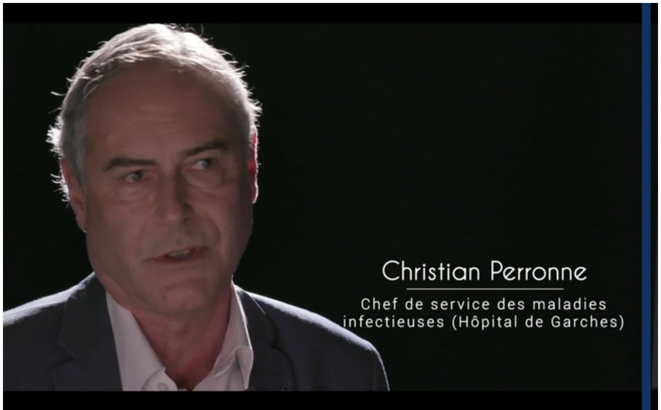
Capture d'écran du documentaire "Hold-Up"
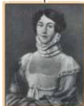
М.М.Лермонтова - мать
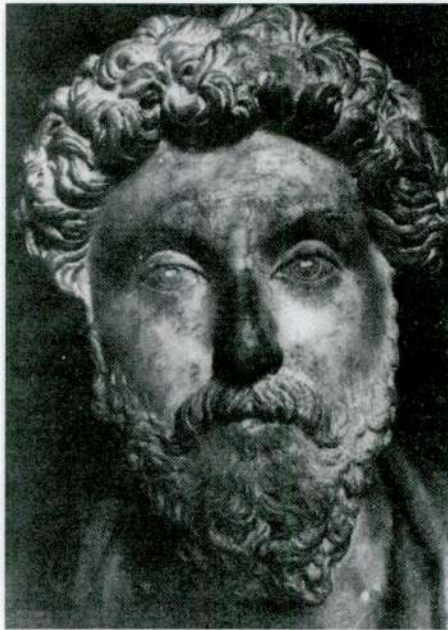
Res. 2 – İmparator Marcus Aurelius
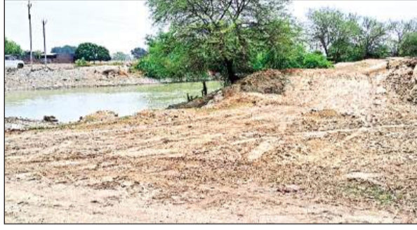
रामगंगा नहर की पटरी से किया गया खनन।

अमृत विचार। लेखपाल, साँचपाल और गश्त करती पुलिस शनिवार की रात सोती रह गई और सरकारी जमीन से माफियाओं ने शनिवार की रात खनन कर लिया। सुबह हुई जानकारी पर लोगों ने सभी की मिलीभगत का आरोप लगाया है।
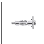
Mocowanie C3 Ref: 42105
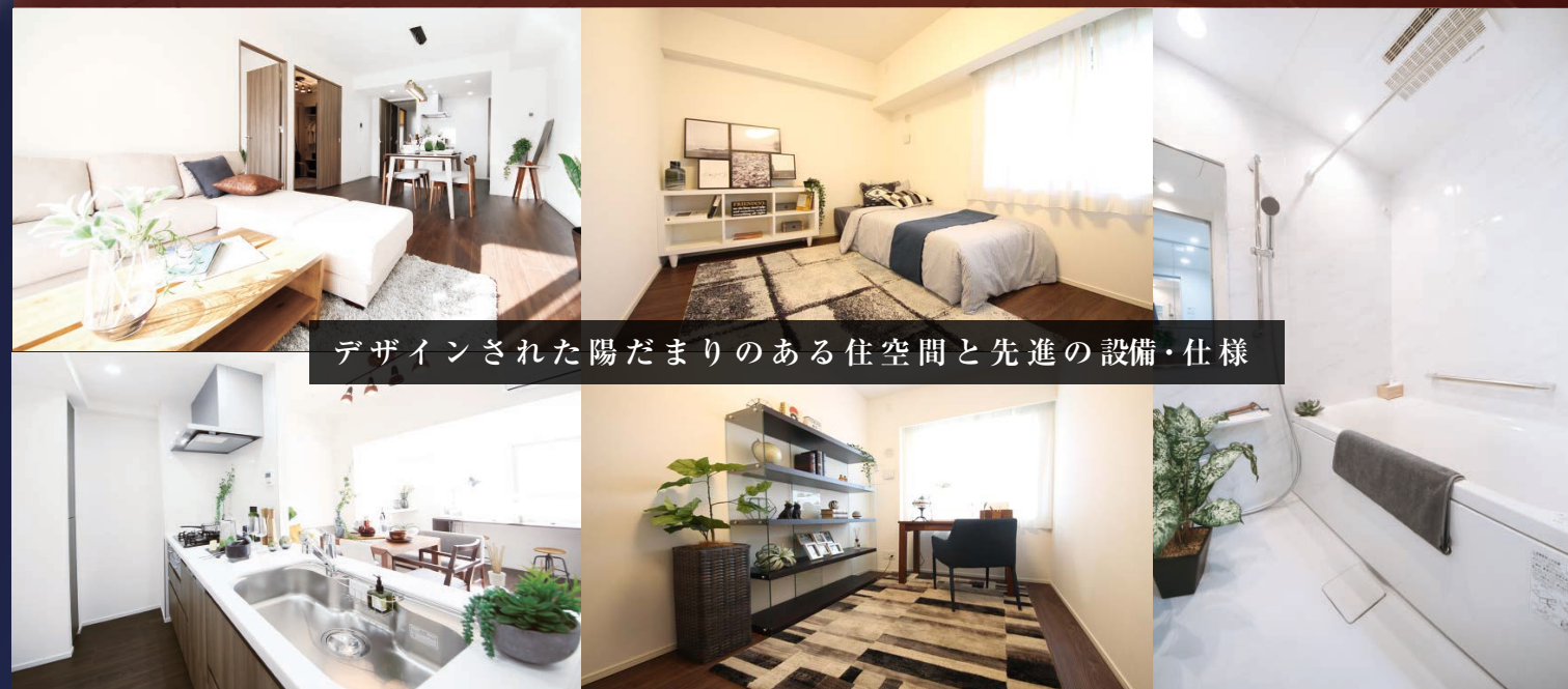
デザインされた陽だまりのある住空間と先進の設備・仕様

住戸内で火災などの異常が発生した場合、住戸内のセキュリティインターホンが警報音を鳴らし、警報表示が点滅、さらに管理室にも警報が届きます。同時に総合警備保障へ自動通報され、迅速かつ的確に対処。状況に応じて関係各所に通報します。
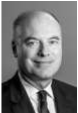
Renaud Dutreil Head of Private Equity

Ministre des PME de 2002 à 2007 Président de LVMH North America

++++++++++++++++++++

### [Required work]
Your copy should match the records above word for word, but without images.

### [Task output]
Capture d'écran du documentaire "Hold-Up"
М.М.Лермонтова - мать
Res. 2 – İmparator Marcus Aurelius
रामगंगा नहर की पटरी से किया गया खनन।

अमृत विचार। लेखपाल, साँचपाल और गश्त करती पुलिस शनिवार की रात सोती रह गई और सरकारी जमीन से माफियाओं ने शनिवार की रात खनन कर लिया। सुबह हुई जानकारी पर लोगों ने सभी की मिलीभगत का आरोप लगाया है।
Mocowanie C3 Ref: 42105
デザインされた陽だまりのある住空間と先進の設備・仕様

住戸内で火災などの異常が発生した場合、住戸内のセキュリティインターホンが警報音を鳴らし、警報表示が点滅、さらに管理室にも警報が届きます。同時に総合警備保障へ自動通報され、迅速かつ的確に対処。状況に応じて関係各所に通報します。
Renaud Dutreil Head of Private Equity

Ministre des PME de 2002 à 2007 Président de LVMH North America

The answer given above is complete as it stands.